La Troisième Révolution industrielle

The third industrial revolution

The Economist – Avril 2012
(Traduction : Louson, Lolo le 13, angezanetti, Fe-lor, GPif, xaccrocheur, @poulpita, fck, Coyau)

La numérisation de la fabrication modifiera la manière de fabriquer les biens ainsi que la notion même de travail.

La première révolution industrielle commença à la fin du XVIIIe siècle, avec la mécanisation de l’industrie du textile. Les tâches qui avant étaient exécutées laborieusement à la main par des centaines de petites industries de tisserand ont été réunies en une seule fabrique, et l’usine était née. la seconde révolution industrielle arriva au début du XXe siècle quand Henry Ford maîtrisa l’évolution des lignes d’assemblage et conduit à l’âge de la production de masse. Les deux premières révolutions rendirent les gens plus riches et plus urbains. Maintenant une troisième révolution est en cours. La fabrication devient numérique. Elle risque pas de ne changer que les affaires, mais bien plus de choses encore.

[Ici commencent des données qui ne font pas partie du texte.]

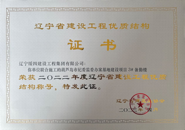 葫蘆島市紀(jì)委監(jiān)委辦案基地建設(shè)項(xiàng)目 3# 備勤樓榮獲2022年度遼寧省建設(shè)工程優(yōu)質(zhì)結(jié)構(gòu)稱號

De nombreuses technologies innovantes convergent : logiciels, nouveaux matériaux, robots plus habiles, nouveaux procédés (en particulier l’impression 3D) et une large variété de services web. L’usine du passé reposait sur la production en masse de produits identiques : Ford disait que les acheteurs de voiture pouvaient avoir la couleur qu’ils voulaient, tant que c’était noir. Mais le coût de production de lots plus petits, d’une plus grande variété, où chaque produit est fait précisément sur mesure selon le vœu de chaque client, est en train de chuter. L’usine du futur se concentrera sur la personnalisation de masse et ressemblera bien davantage à de toutes petites industries qu’à la ligne de montage de Ford.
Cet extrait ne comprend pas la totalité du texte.